Des enquêteurs concluent que la Corée du Nord est à l'origine du naufrage du navire sud-coréen Cheonan, survenu en mars dernier. Tandis que Séoul menace sa voisine de « mesures énergiques », Pyongyang nie toute implication.
« Les preuves mènent de manière accablante à la conclusion que la torpille a été tirée par un sous-marin nord-coréen », estiment les enquêteurs dans un rapport publié jeudi. « Il n'y a aucune autre explication possible », concluent-ils.
La Corée du Nord a rapidement réagi, qualifiant ce constat d'« affabulation ». Elle a brandi la menace d'une « guerre généralisée », si de nouvelles sanctions lui étaient imposées.
La veille, le ministre sud-coréen des Affaires étrangères, Yu Myung-Hwan, avait déclaré qu'il existait suffisamment de preuves pour saisir le Conseil de sécurité de l'ONU.
Selon la presse sud-coréenne, les experts internationaux responsables de l'enquête, notamment des Américains et des Australiens, ont découvert un fragment de torpille portant un numéro de série inscrit à la manière nord-coréenne.
L'Union européenne et les États-Unis condamnent l'attaque
Les conclusions de l'enquête n'ont pas tardé à susciter l'indignation des capitales occidentales. L'Union européenne a condamné l'attaque comme « un acte odieux et profondément irresponsable. »
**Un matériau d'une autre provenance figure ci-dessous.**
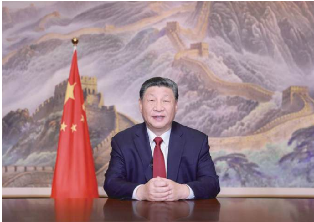
President Xi Jinping delivers his 2025 New Year's Address through China Media Group on New Year's Eve in Beijing.

This year, I have visited many places across the country and seen how our people enjoy their enriching lives. I saw the big, red Huanian apples in Tianshui, Gansu and the fishing boats in Aojiao Village, Fujian loaded with their catches. I watched the millennium-old "Eastern Smile" in the Maiji Mountain Grottoes, and I learned more about good-neighborliness passed from generation to generation in Liuchixiang Alley. I enjoyed the hustle and bustle in Tianjin's Ancient Culture

La Haute représentante de l'UE pour les Affaires étrangères Catherine Ashton a par ailleurs salué la retenue du gouvernement sud-coréen.
La Grande-Bretagne a dénoncé « le mépris flagrant de ses engagements internationaux » par la Corée du Nord.
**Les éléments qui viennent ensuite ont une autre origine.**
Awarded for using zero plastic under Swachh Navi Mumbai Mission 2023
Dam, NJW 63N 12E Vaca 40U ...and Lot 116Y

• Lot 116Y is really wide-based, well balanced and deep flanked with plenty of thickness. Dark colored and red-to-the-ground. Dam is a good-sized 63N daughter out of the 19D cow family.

« Cette attaque démontre une insensibilité totale pour la vie humaine et un mépris flagrant des devoirs internationaux », a déclaré le ministre britannique des Affaires étrangères, William Hague.
De leur côté, les États-Unis ont « fermement condamné » l'« agression » nord-coréenne, après la publication du rapport des enquêteurs, basé sur « un examen objectif et scientifique des preuves ».
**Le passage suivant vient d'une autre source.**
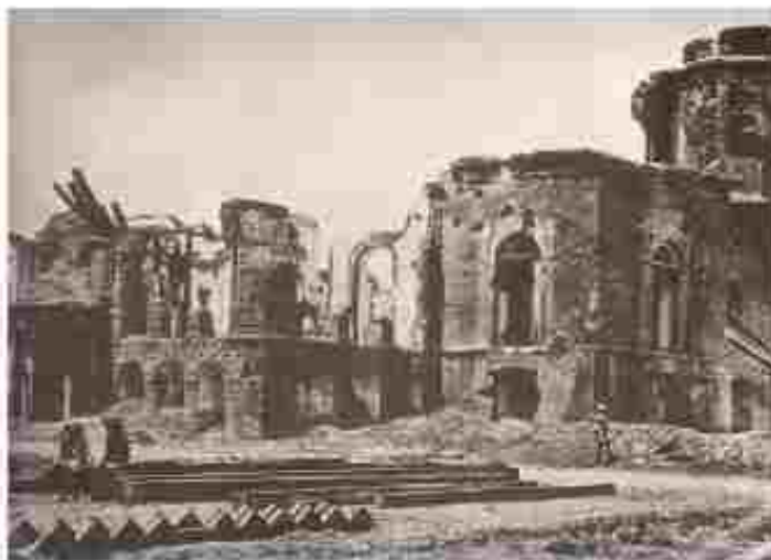
Fig. 17 ~ Ruins of the Residency in Lucknow

In June 1857, the rebel forces began the siege of the Residency. A large number of British women, men and children had taken shelter in the buildings there. The rebels surrounded the compound and bombarded the building with shells. Hit by a shell, Henry Lawrence, the Chief Commissioner of Awadh, died in one of the rooms that you see in the picture. Notice how buildings carry the marks of past events.

Le département d'État américain avait laissé entendre, mercredi, que le naufrage du navire sud-coréen serait au coeur du voyage de Hillary Clinton dans la région, qui l'amènera, au cours des prochains jours, au Japon, en Chine et en Corée du Sud.
Les États-Unis ont joué un rôle très important dans l'enquête sur le naufrage, a souligné un porte-parole du département d'État, qui a en outre assuré que Mme Clinton aborderait la question à chacune des étapes de sa visite.
« Une des raisons pour lesquelles Mme Clinton se rend dans la région, avait-il dit, est d'établir et de mettre en place un ensemble de réponses » aux conclusions de l'enquête, qui n'avaient alors pas encore été rendues publiques.
Le Cheonan, un bâtiment de 1200 tonnes, a coulé le 26 mars dans une explosion au large de l'île de Baengnyeong, près de la frontière maritime avec la Corée du Nord.
Au lendemain de la catastrophe, la Corée du Sud et les États-Unis avaient indiqué qu'aucun indice n'incriminait la Corée du Nord.